I really asked myself if i really was doing this for me or my parents. When i thought about it. I realised that for all that my parents want for me... i ultimately failed my exams/subjects. I could not blame that on any real or imagined pressure from my parents or others. Once i discovered this, it made me think that all the situations i got in, i manifested them for myself. I think that while i maybe positive i think it was more denial. I did not want to look too closely at my failures. My sub-conscious kept saying that i was a failure and that i would never make my parents proud. I realise that me being happy is enough for my parents.
I really like where i am at the moment. I am enjoying life. University is heading in the right direction. I have friends that i can rely on no matter what. I have diverse interests. My rehab is going great and i'll be about to get back to taekwondo and softball soon. I finally have a love life... it's not about sex but its nice to have a guy you can cuddle with, who likes you for who you are. I had no idea what a confidence booster it was to have a guy say i like you. Though we're not in a relationship, its still amazing to know this guy and maybe in the near/far future we'll be more than friends.

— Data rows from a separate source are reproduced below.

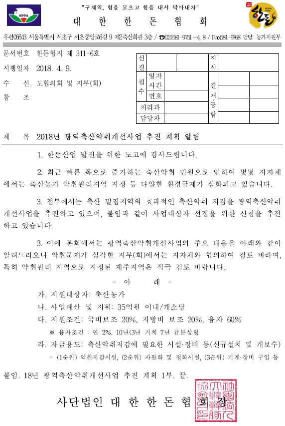 [공문] 2018년 광역축산악취개선사업 추진 계획 알림
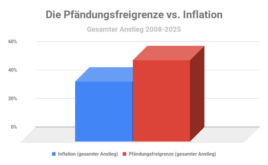Wie entwickelte sich der unpfändbare Freibetrag für einen Single ohne Rind & Kind im Vergleich zur gesamten Inflation? Nun, hier ist der Chart:
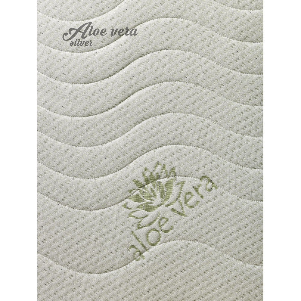 Poťah je vyrobený z hypoalergénnych materiálov najvyššej kvality. Aloe Vera Silver je ideálne riešenie pre alergikov a osoby s citlivou pokožkou. Vďaka materiálu, ktorý obsahuje účinný extrakt z listov Aloe Vera poťah vytvára príjemný pocit chladu a je príjemný pre pokožku užívateľa. Poťah je prešívaný aktívnym striebrom, ktoré sa vyznačuje antibakteriálnymi vlastnosťami. Ióny striebra prirodzene zabíjajú roztoče, spóry húb a plesní, vďaka čomu dlhodobo udržiavajú matrac hygienicky svieži a bez zápachu. Strieborné prešívanie v kombinácii s látkou Aloe Vera navyše matracu dodáva antistatické vlastnosti a atraktívny vzhľad. Poťah je odzipsovateľný, delený na 2 časti a pratelný na 60°C. Poťah ma úpravu proti žmolkovaniu.
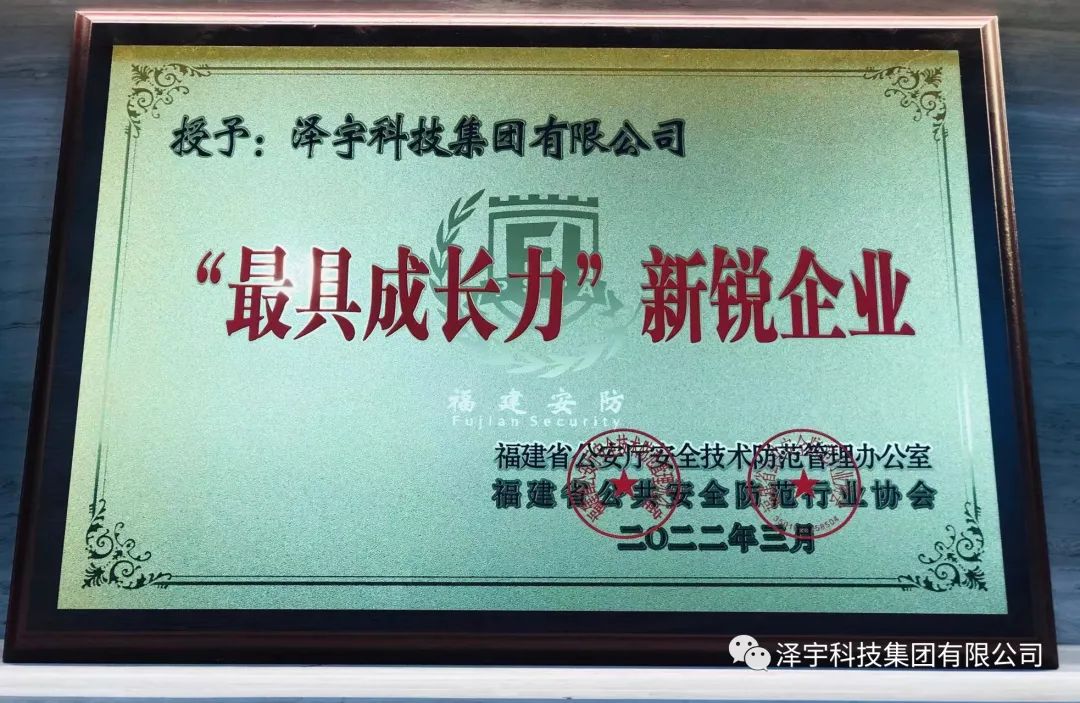 會(huì)上,澤宇科技被福建省公安廳安全技術(shù)防范管理辦公室和福建省安全技術(shù)防范行業(yè)協(xié)會(huì)授予“最具成長力新銳企業(yè)”榮譽(yù)稱號(hào)。
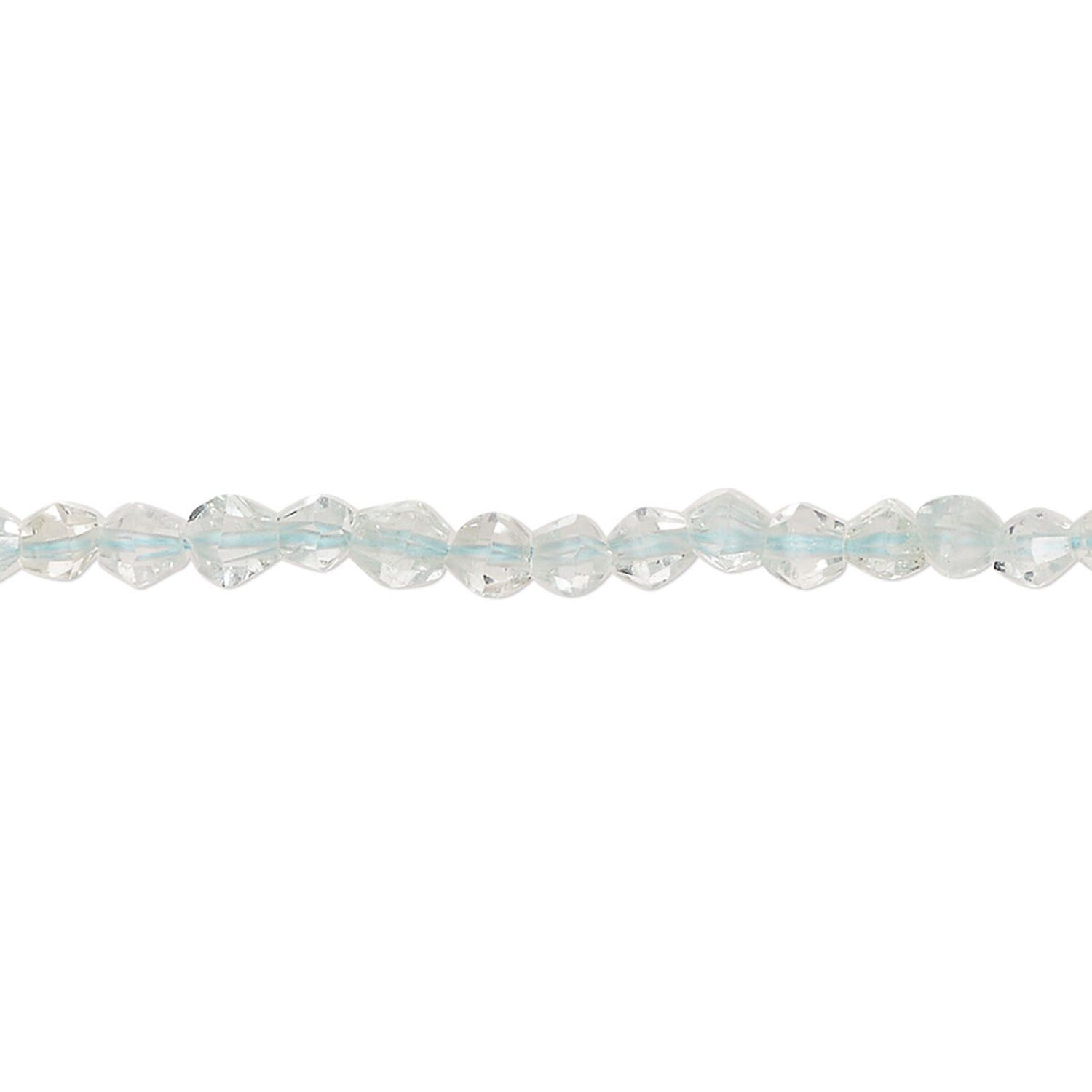 Bead, aquamarine (heated), 3-4mm hand-cut faceted bicone, B grade, Mohs hardness 7-1/2 to 8. Sold per 8-inch strand, approximately 60 beads.

2 years ago i spent a couple of weeks with my Cousin in Sydney. I basically chilled out and though about the years past and what holds in my future. My cousin gave some great advice that summer, some i did not want to listen to and some i tried to. The advice she gave me i have only recently taken to heart. She told me tha ti had to be positive about my life no one else can make me happy. My life has be the way i want it to be. I must love my life before i can share it with anyone. My life should be great, and friends should add to that but my life must be also be great without them. I should be comfortable with myself without external influences, friends family drugs or otherwise. Basically being happy in your own skin. I am at a stage that i am happy in my skin, in my life. I of course still have work to do, but i finally see that everything i need to do is very manageable. A little bit of hard work and i can do anything. I am at a stage that i feel comfortable sharing my life with others.
I have few close friends but i have many friends that i can talk to, learn from. I am widening my circle of friends and for the first time have friends from university. Some i didn't even have classes with but made friends through classmates. I am more open to people. I have always trusted people, but i find it hard to keep new friends. So far so good though, they want to be my friends and aren't snobs like monash :)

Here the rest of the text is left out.